You’re 25 years old. Wow, has the time passed by. I remember when we were riding bikes on Dogwood Street, skinning our knees on gravel and riding as if the road never ended. Playing in the creek at the bottom of the hill in the backyard. Running far away from the boys that chased us on the playground.
Remember when we grew, and grew, and grew, and we made Mom buy new jeans every summer? Now we’re a solid 5’9″, and we feel comfortable being the ones who get things on top shelves for other people.
Not only were we tall, we were thin. Despite being able to eat anything with minimal (VERY minimal) exercise, we were thin. Hey, it’s not that we aren’t thin now, don’t get me wrong. We certainly aren’t overweight by any means, but I’m not as comfortable in you as I used to be.
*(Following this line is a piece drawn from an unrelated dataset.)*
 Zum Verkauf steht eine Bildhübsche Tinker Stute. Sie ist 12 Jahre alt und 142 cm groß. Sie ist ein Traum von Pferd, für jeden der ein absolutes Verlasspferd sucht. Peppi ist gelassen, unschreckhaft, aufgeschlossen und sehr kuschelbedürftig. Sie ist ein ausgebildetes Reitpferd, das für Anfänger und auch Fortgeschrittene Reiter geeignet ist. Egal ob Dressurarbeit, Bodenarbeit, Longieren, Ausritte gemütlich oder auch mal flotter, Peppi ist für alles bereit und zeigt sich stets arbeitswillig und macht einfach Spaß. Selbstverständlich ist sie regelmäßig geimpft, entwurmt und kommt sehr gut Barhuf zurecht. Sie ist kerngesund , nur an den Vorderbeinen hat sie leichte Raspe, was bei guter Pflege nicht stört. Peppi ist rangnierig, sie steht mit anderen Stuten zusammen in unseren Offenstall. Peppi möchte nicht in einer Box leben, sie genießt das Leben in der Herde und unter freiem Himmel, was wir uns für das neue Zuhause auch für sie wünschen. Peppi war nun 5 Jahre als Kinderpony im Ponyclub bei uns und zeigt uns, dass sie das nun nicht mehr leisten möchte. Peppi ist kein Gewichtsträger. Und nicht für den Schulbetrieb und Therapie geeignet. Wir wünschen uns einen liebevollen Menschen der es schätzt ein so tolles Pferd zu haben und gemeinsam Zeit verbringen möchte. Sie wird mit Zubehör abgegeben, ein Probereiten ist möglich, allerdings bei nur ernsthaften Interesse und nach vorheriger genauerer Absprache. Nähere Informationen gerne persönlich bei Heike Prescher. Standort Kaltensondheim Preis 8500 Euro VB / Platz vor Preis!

Signs of binges and blogging are starting to show, and I’m worried about what I’m doing to you.
You told that adult who remembered me as a child to say “Looks like you finally put on a few pounds,” didn’t you. DIDN’T YOU. You told my jeans to be uncomfortable, and my dress pants to make me feel every minute of the 9 to 5.
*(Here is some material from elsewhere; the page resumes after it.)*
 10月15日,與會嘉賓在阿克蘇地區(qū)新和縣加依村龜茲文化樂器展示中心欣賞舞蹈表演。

If I could ask a few questions, please tell me why you decided that now would be a perfect time to slow down our metabolism and make me aware of every ache, pop, and crack? Explain why our spine is a giant S curve that hurts when we sit for extended periods of time. Why don’t you appreciate craft beer and bacon as much as our tastebuds do? Why do you backfire with bloat, pain and general discomfort?
Sincerely, your one and only, Sara.
It’s been an interesting 2013. I vowed to cut out soda and eat better, but surprisingly I feel as though I’ve gained more weight than I’ve lost. Two doctors have told me that I’m not overweight but extremely out of shape. Awesome!
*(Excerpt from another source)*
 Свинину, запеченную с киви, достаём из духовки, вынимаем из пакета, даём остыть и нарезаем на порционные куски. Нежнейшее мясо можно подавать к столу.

Four weeks ago I started practicing yoga, and I’ve already noticed a difference in how my body feels. The first class showed me just how weak my body really is. Wobbly, unstable, barely able to do some of the most beginning poses. But that’s okay because everybody has to start somewhere.
Yoga has brought me more of an awareness of my body. I sit up straight and remind myself not to cross my legs at my desk. I get up and walk around when I need a break. Simple movements remind me of my muscles and how I need to keep them active to keep myself in tip-top shape.
I purchased Yoga Zone DVD’s and started doing yoga for 40 minutes after work on Monday’s with my coworkers. We find a laptop and plug it into the conference room and zone out for a while. It feels good. For a more rigorous session, I attend Tuesday, Wednesday and the occasional Saturday morning classes at Santosha School, thanks to my friend Yvonne and her recommendation. It’s a very comfortable yet challenging class.
And, I ran/shuffled/walked a marathon relay race with 5 other amazing bloggers. Seriously. 4.4 miles. Don’t believe me? Here’s proof:
I’ve also started thinking about food in new ways. Don’t get me wrong, this girl LOVES her mac and cheese and fried chicken, but I’m learning that those foods need to be in moderation. Weekly is not moderation. Maybe it’s monthly. Maybe it’s less, I’m not exactly sure. That’s one reason why I signed up for US VegWeek, to challenge myself to create veggie foods that my taste buds will enjoy.
The frustrating thing is that…. uh, I LOVE FOOD. LOVE IT. How can I possibly be a food blogger and eat… healthy? Healthy is so not my style. I like to try all sorts of recipes in the kitchen. I don’t want to just blog about the healthy stuff, and I’m not going to. Don’t worry, readers, I haven’t left you yet.
But, could I? Could I become a vegetarian? Yes, I probably could. Do I want to? No. Absolutely not. I just don’t think I’m ready for that, and there are too many projects on the horizon that I still want to do (make my own salami, pastrami, cured meats, etc).
So how do I settle this? My goal is to continue practicing yoga and to enjoy my favorite food and drink options in moderation. I enjoy my craft beer and bacon too much to leave it behind, and so exercise and moderation will allow me to enjoy those things I’m passionate about.
This is just one step in the realization of how my body is changing and how I need to mentally change with it. I’m already writing a blog about my food philosophy, so look for that soon. In the meantime, I hope my self-reflection is helpful to you.